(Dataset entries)
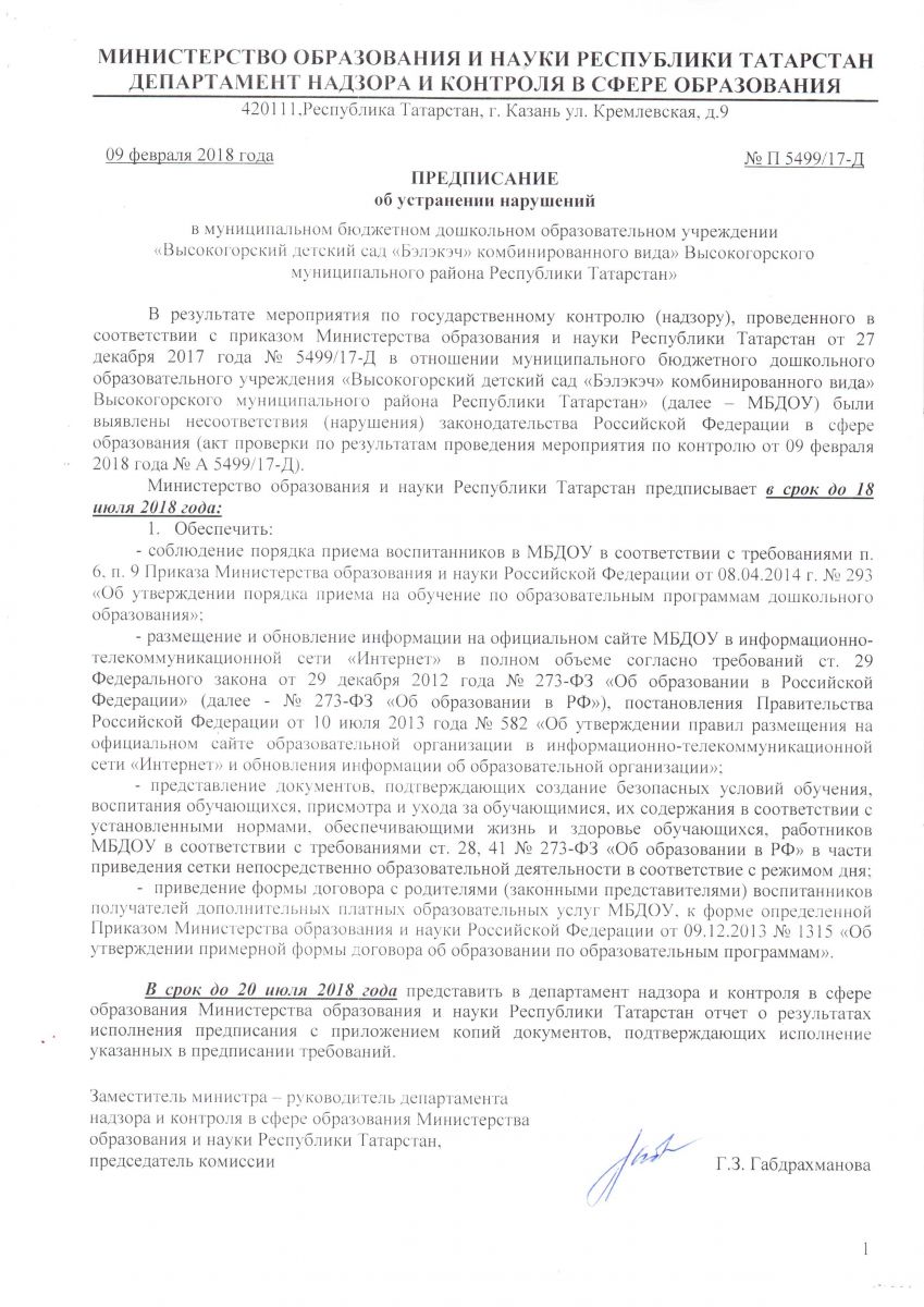 Акт проверки органом государственного контроля(надзора) в сфере образования № 5499/17-Д
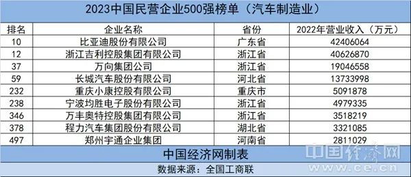 2023中国民营企业500强:9家汽车制造业企业入榜
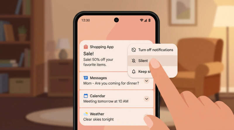 For one week, treat every new notification as a yes or no question and long‑press it on the spot: if it is not something you would want to see again, tap the small settings icon on that notification and turn that app’s alerts off or to silent right there. This slow‑and‑steady cleanup trains your phone around your real daily habits instead of guessing in a crowded settings menu.
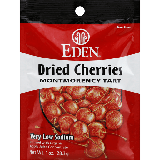 Infused with organic apple juice concentrate. Very low sodium. Tart cherries contain at least 17 antioxidants. Eden tart cherries are infused with organic Eden apple juice concentrate. They contain no…
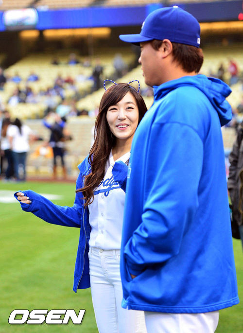 시구자로 나선 걸그룹 소녀시대의 티파니가 류현진을 바라보며 미소짓고 있다.

== Exercise requirements ==
For your answer, write out the data exactly and drop every picture.

== Written answer ==
 Акт проверки органом государственного контроля(надзора) в сфере образования № 5499/17-Д
 2023中国民营企业500强:9家汽车制造业企业入榜
 For one week, treat every new notification as a yes or no question and long‑press it on the spot: if it is not something you would want to see again, tap the small settings icon on that notification and turn that app’s alerts off or to silent right there. This slow‑and‑steady cleanup trains your phone around your real daily habits instead of guessing in a crowded settings menu.
 Infused with organic apple juice concentrate. Very low sodium. Tart cherries contain at least 17 antioxidants. Eden tart cherries are infused with organic Eden apple juice concentrate. They contain no…
 시구자로 나선 걸그룹 소녀시대의 티파니가 류현진을 바라보며 미소짓고 있다.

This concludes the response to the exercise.